- DATASET EXTRACT:
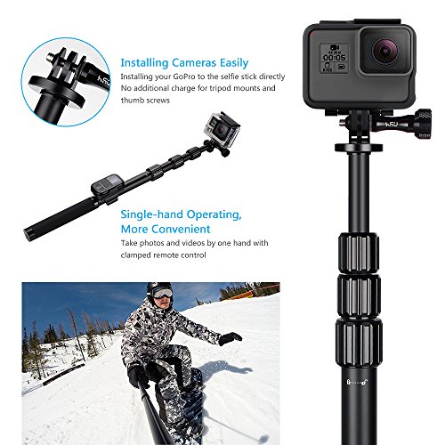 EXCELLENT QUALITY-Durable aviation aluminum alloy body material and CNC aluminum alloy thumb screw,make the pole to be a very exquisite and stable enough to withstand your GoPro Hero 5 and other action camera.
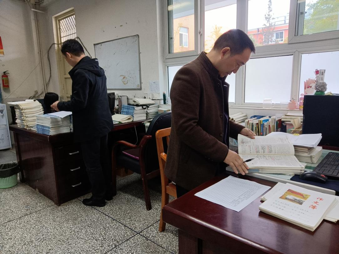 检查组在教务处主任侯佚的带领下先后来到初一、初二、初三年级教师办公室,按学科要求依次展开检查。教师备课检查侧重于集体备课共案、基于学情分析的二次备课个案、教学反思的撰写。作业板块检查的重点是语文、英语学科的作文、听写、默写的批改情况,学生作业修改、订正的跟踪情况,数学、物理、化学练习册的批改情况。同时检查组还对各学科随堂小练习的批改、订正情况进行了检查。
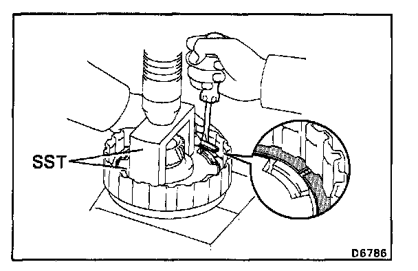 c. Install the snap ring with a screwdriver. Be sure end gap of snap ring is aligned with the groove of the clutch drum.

- WHAT TO WORK ON: Set down all of the material word for word, but keep each picture out.

- ANSWER BELOW:
 EXCELLENT QUALITY-Durable aviation aluminum alloy body material and CNC aluminum alloy thumb screw,make the pole to be a very exquisite and stable enough to withstand your GoPro Hero 5 and other action camera.
 检查组在教务处主任侯佚的带领下先后来到初一、初二、初三年级教师办公室,按学科要求依次展开检查。教师备课检查侧重于集体备课共案、基于学情分析的二次备课个案、教学反思的撰写。作业板块检查的重点是语文、英语学科的作文、听写、默写的批改情况,学生作业修改、订正的跟踪情况,数学、物理、化学练习册的批改情况。同时检查组还对各学科随堂小练习的批改、订正情况进行了检查。
 c. Install the snap ring with a screwdriver. Be sure end gap of snap ring is aligned with the groove of the clutch drum.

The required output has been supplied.